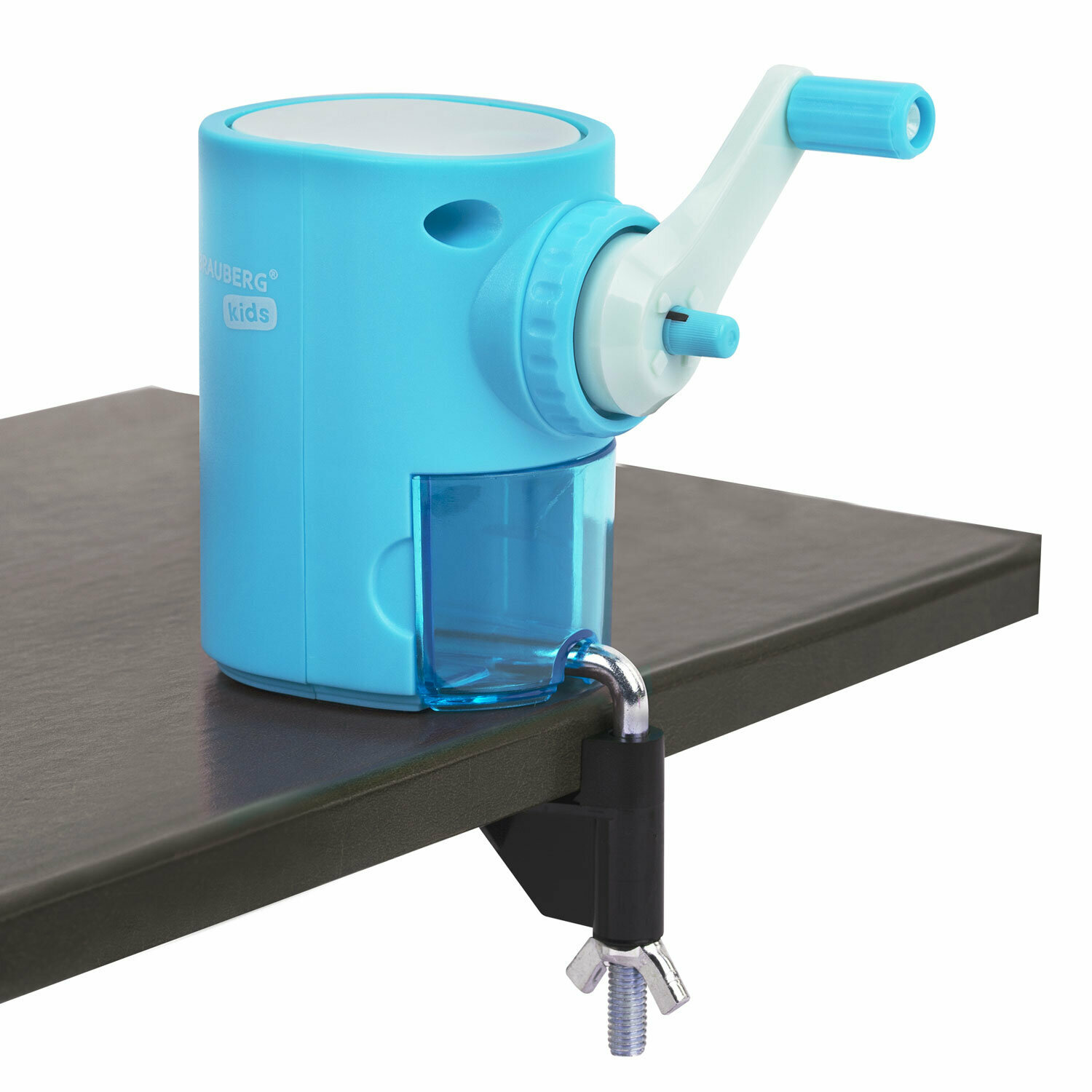 Купить Точилка механическая BRAUBERG KIDS, для простых и цветных карандашей, корпус голубой, крепление к столу, 272005
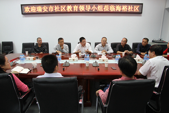 考察的第二站是新安街道海裕社区。团员们参观海裕社区服务中心,社区工作人员边走遍介绍,把社区的亮点和特色做了一一介绍。在交流会上,海裕社区工作人员做了《全面推进社区教育,促进社会》社区教育的做法。随后,宝安区职业能力开发局副局长刘益民等领导赶来海裕社区,向考察团介绍宝安区社区教育的总体情况和具体做法。宝安区在全国成立独一无二的职业能力开发局,统领素质教育培训。年经费在五六千万。社区教育归口职业能力开发局,而不是教育局,这在全国也是唯一的。这是宝安社区教育的一个特色。
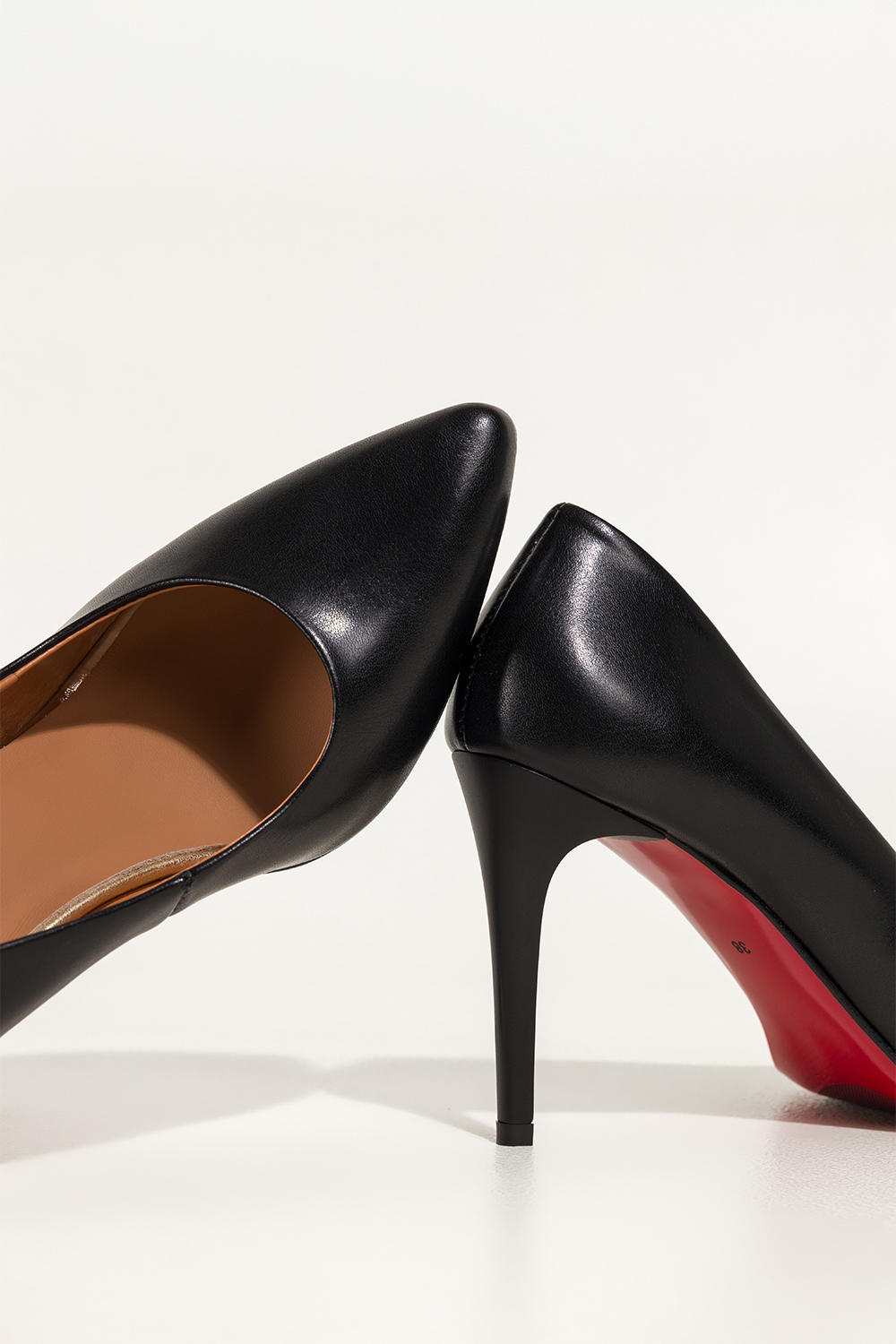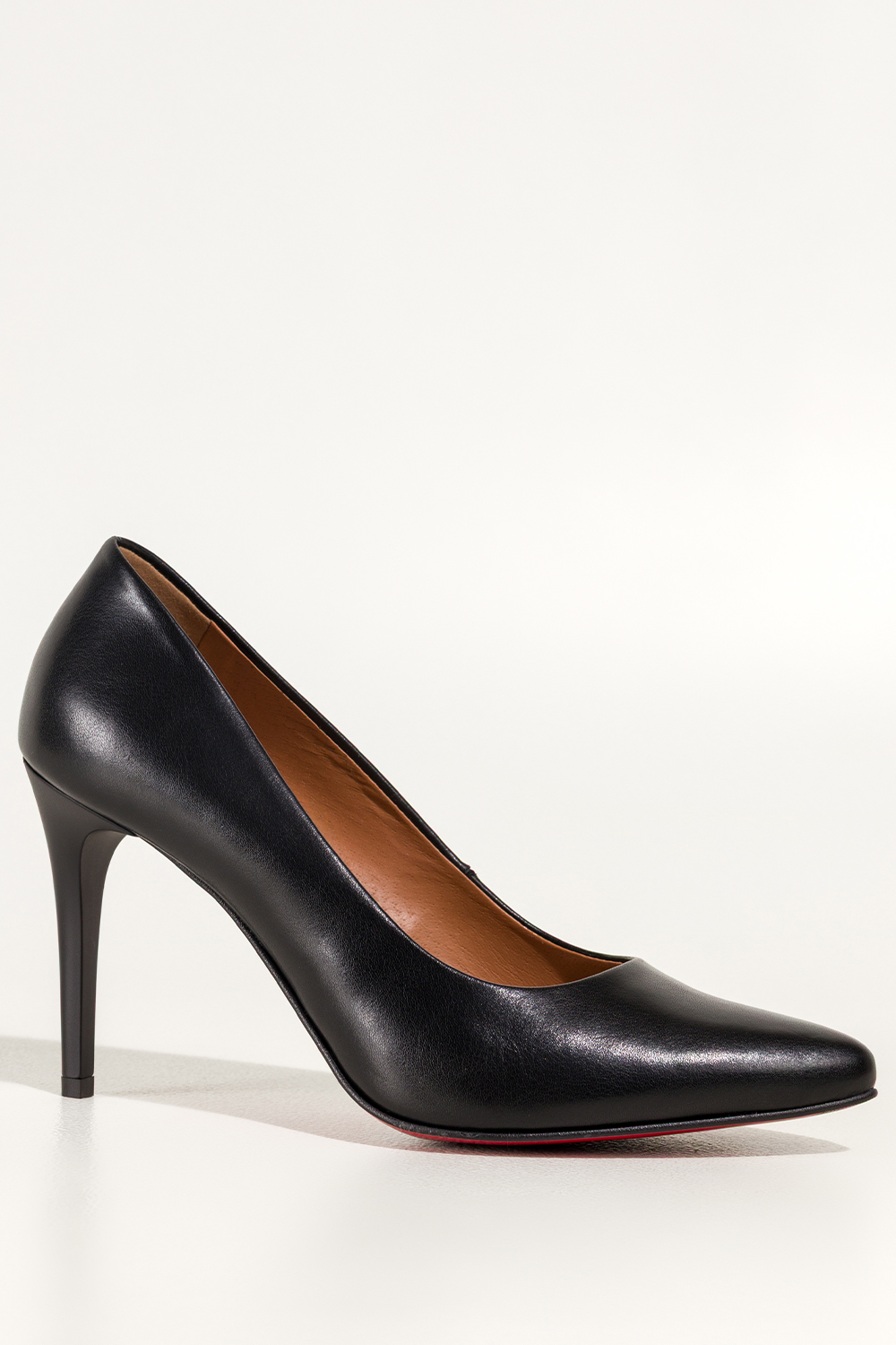 Czarne szpilki skórzane damskie z czerwoną podeszwą PRODUKT POLSKI Casu 7720-899
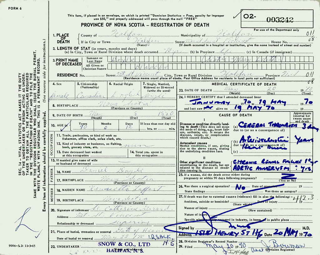 PROVINCE OF NOVA SCOTIA — REGISTRATION OF DEATH
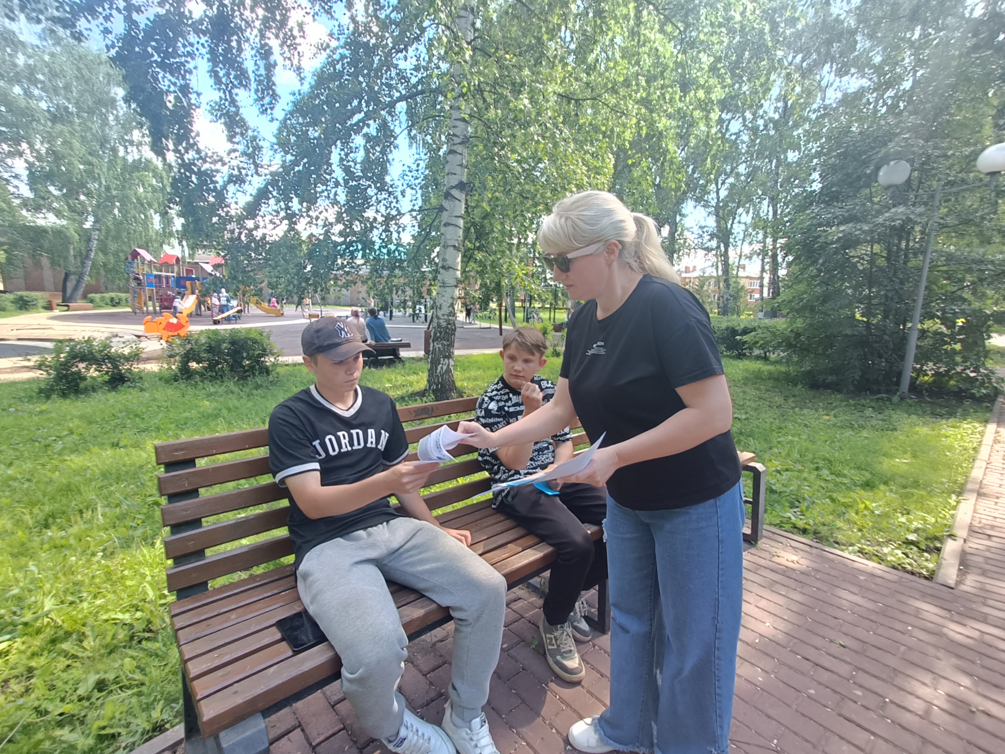 Подросткам, отдыхающим в парке, были вручены информационные листы, содержащие материалы о вреде употребления наркотиков, где рассмотрены вопросы, почему люди начинают употреблять наркотики, в чем заключается коварство наркотиков, как защититься от вовлечения в наркоманию.
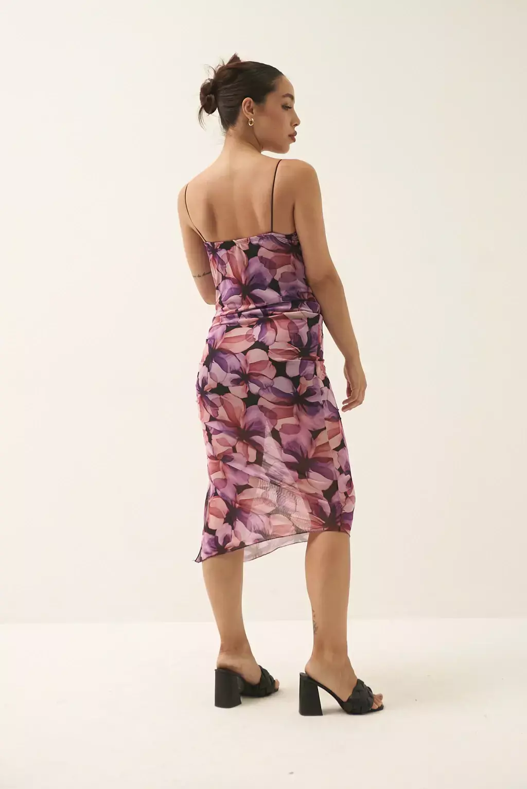 Vestido midi con breteles, cuello redondo y tajito. Sublimado con estampa de flores y lateral drappeado. Tiene forrería debajo del tul para que te sientas super cómoda al usarlo. Podés usarlo tanto para el día como para la noche, con zapas, borcegos o botas ¡Vas a brillar igual!
* * * * * * * * *
▶ **EXERCISE DETAILS**: Your answer must be the entries written out word for word, without their pictures.

▶ **RESPONSE**:
 Купить Точилка механическая BRAUBERG KIDS, для простых и цветных карандашей, корпус голубой, крепление к столу, 272005
 考察的第二站是新安街道海裕社区。团员们参观海裕社区服务中心,社区工作人员边走遍介绍,把社区的亮点和特色做了一一介绍。在交流会上,海裕社区工作人员做了《全面推进社区教育,促进社会》社区教育的做法。随后,宝安区职业能力开发局副局长刘益民等领导赶来海裕社区,向考察团介绍宝安区社区教育的总体情况和具体做法。宝安区在全国成立独一无二的职业能力开发局,统领素质教育培训。年经费在五六千万。社区教育归口职业能力开发局,而不是教育局,这在全国也是唯一的。这是宝安社区教育的一个特色。
 Czarne szpilki skórzane damskie z czerwoną podeszwą PRODUKT POLSKI Casu 7720-899
 PROVINCE OF NOVA SCOTIA — REGISTRATION OF DEATH
 Подросткам, отдыхающим в парке, были вручены информационные листы, содержащие материалы о вреде употребления наркотиков, где рассмотрены вопросы, почему люди начинают употреблять наркотики, в чем заключается коварство наркотиков, как защититься от вовлечения в наркоманию.
 Vestido midi con breteles, cuello redondo y tajito. Sublimado con estampa de flores y lateral drappeado. Tiene forrería debajo del tul para que te sientas super cómoda al usarlo. Podés usarlo tanto para el día como para la noche, con zapas, borcegos o botas ¡Vas a brillar igual!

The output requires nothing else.